THE INPUT below:

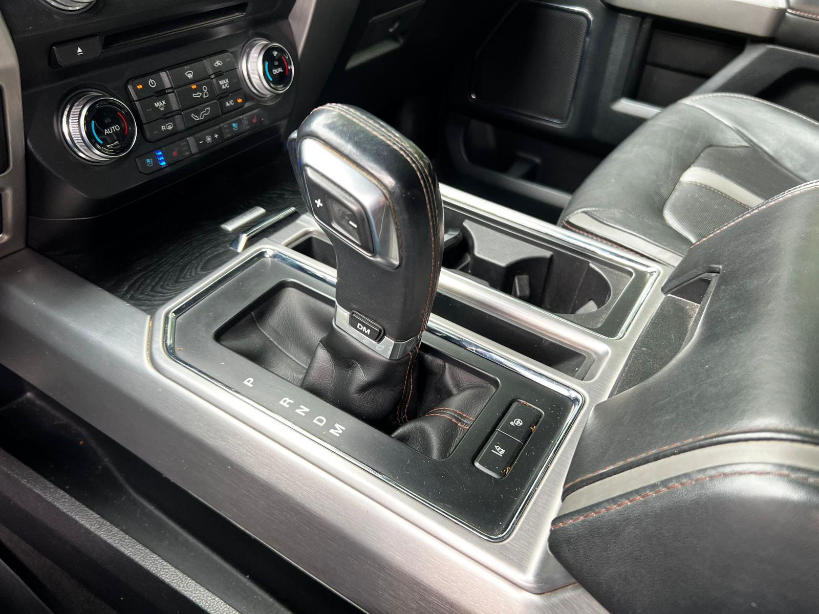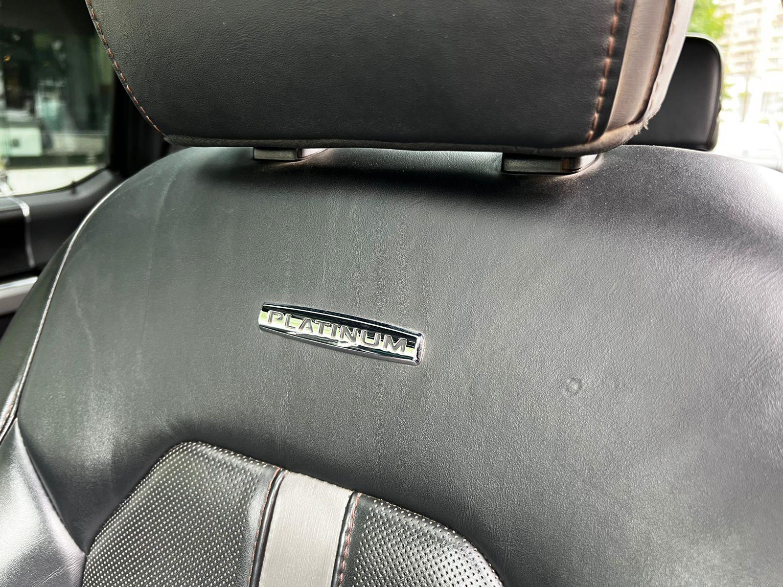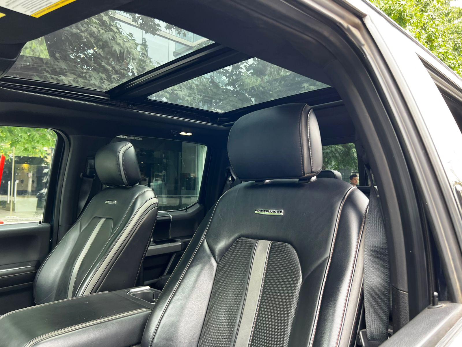Versión Platinum, motor 3.500 CC Ecoboost, caja de cambios automática diez velocidades, modos de conducción, tracción 4x4 con reductora, lona marítima, volante multifuncional con velocidad crucero, calefacción y comando por voz, computador a bordo, sistema de audio alta fidelidad Bang & Olufsen, pantalla touch con cámaras de estacionamiento (trasera, delantera y 360), navegador y conectividad para Apple CarPlay y Android Auto, climatizadores delanteros independientes, asientos eléctricos con memorias, calefacción y enfriador en tres niveles, techo panorámico, tapiz de cuero, pisaderas laterales eléctricas automáticas.
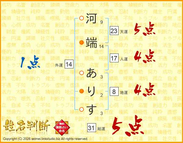 生活面を象徴する運勢です。外部から受ける影響力を表し、結婚運、家庭運や職場、環境への順応性を表します。総運から人運を引いた画数。姓や名が1文字の場合を除く。
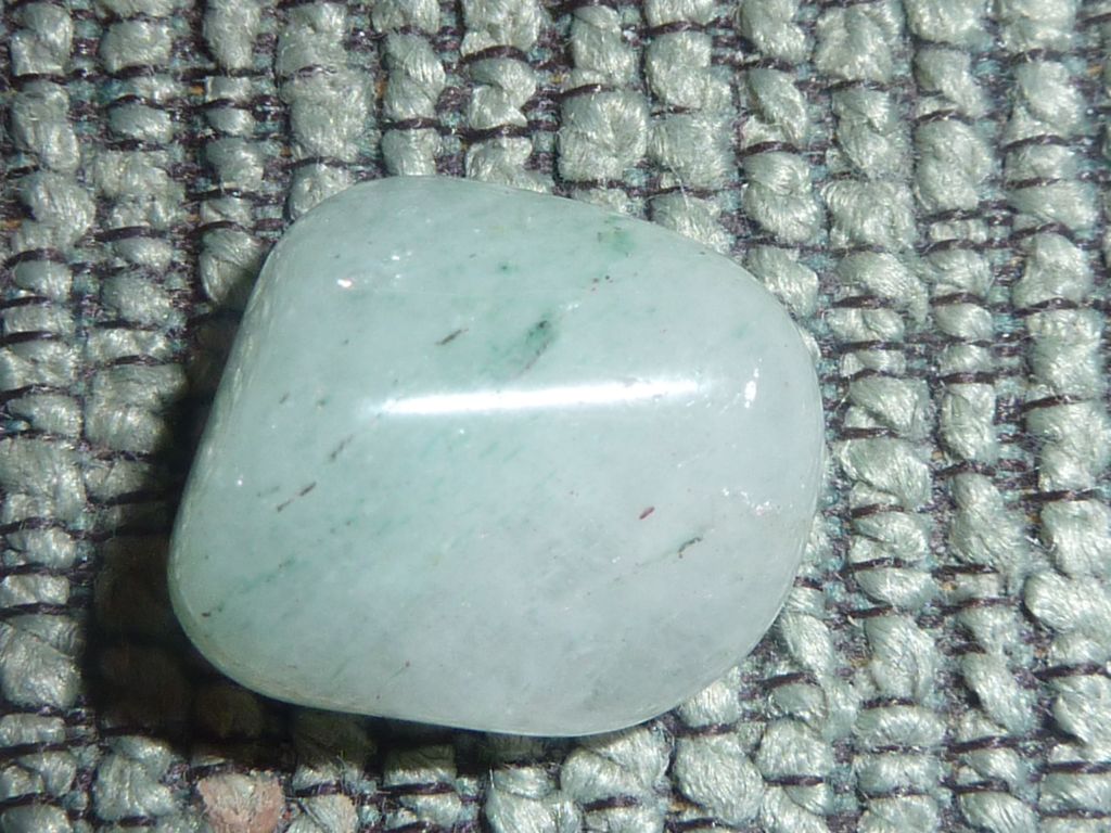 Mirka vraví: opál alebo slnečný kameň alebo karneol. Na to, aby to bol slnečný kameň, by musel mať vnútri trblietky alebo vlákna. To sa mi nezdá. Ten záblesk na ľavom obrázku je totiž podobný aj v tom aventuríne, takže to bude asi odraz svetla.
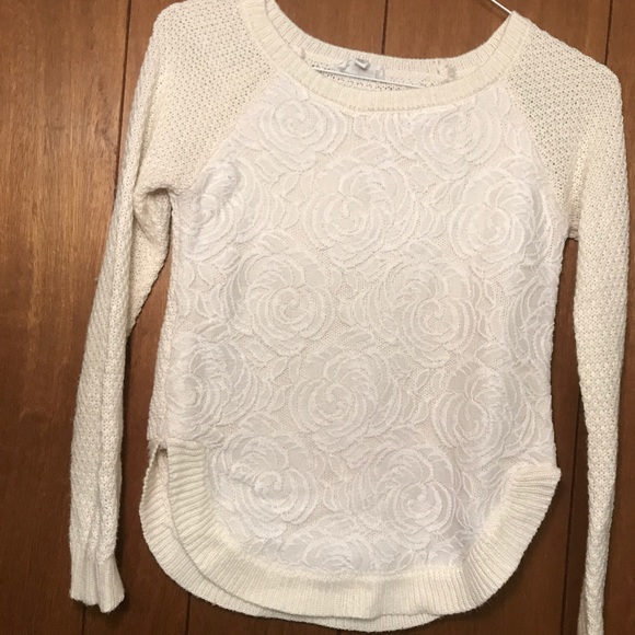 Cream colored sweater with Lace panel on front. Soooo soft and cute. Has hip showing cut on bottom sides.
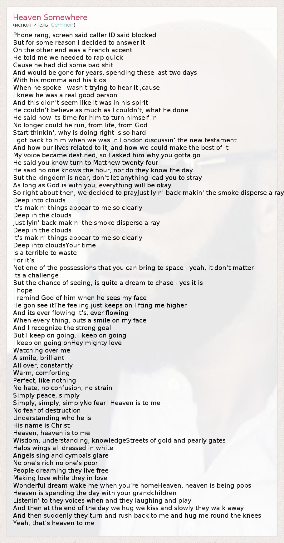 А как ты думаешь, о чем песня "Heaven Somewhere" ?
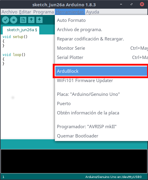 Para iniciar Ardublock debemos iniciar, en primer lugar, arduino. Una vez lo tengamos iniciado, vamos a Herramientas > Ardublock para iniciar el Ardublock:

End of THE INPUT.

WHAT THE TASK REQUIRES: Please set down, exactly and with nothing added, the lines from the line with "Cream colored sweater" to the end of the entries above, omitting pictures.

ANSWER SECTION:
 Cream colored sweater with Lace panel on front. Soooo soft and cute. Has hip showing cut on bottom sides.
 А как ты думаешь, о чем песня "Heaven Somewhere" ?
 Para iniciar Ardublock debemos iniciar, en primer lugar, arduino. Una vez lo tengamos iniciado, vamos a Herramientas > Ardublock para iniciar el Ardublock:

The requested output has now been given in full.